Дед Макей, как – то поник сразу. Сидел пил чай из блюдца, потягивая его с каким – то особенным булькающим звуком. У него это получалось забавно и весело. Отхлебнув из блюдечка чай, он ставил блюдечко на стол, обоими руками разглаживал усы и бороду, а затем, откусывал небольшой кусочек парёнки из тыквы, и все повторялось сначала.

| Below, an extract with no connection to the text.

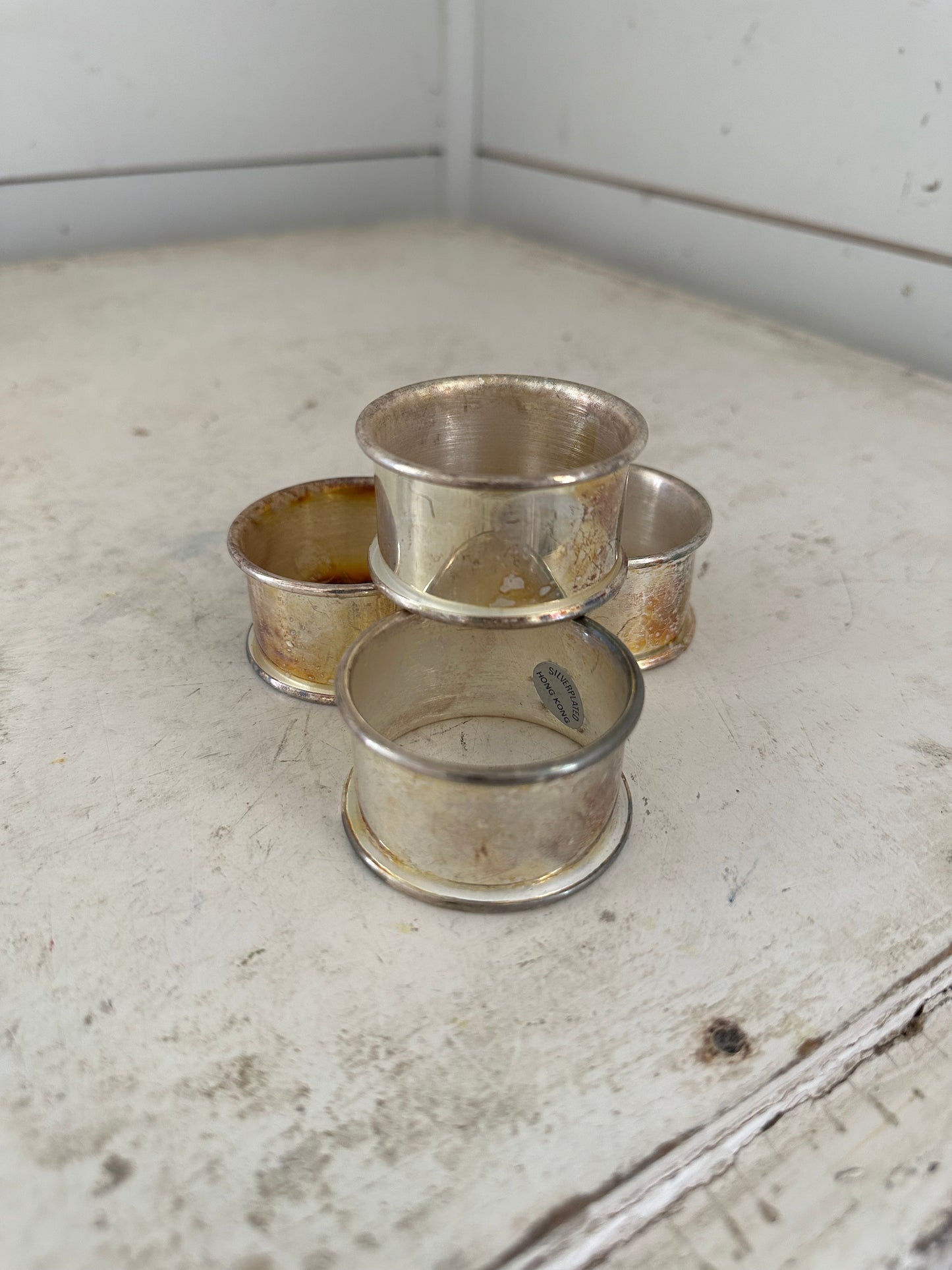 Set of 4 Tarnished Silver Napkin Rings

Пил чай он, не торопясь, с расстановочкой и отдыхом, наслаждаясь запахом и вкусом угощения.
Меня это веселило, и я сидела и, улыбаясь, смотря на это представление, специально, разыгранное для меня. Мне было приятно осознавать, что этот мужчина, очень старается расположить меня к себе. Это было видно невооруженным взглядом. Его глаза, стали узенькими, как щелочки и искрили без огнива. Они, глаза, меня приглашали принять участие в игре, манили своим блеском, как бы приглашая отведать угощения и тем самым принять правила игры. От этого у меня на душе стало тепло и спокойно. Мне очень захотелось включиться в эту игру ….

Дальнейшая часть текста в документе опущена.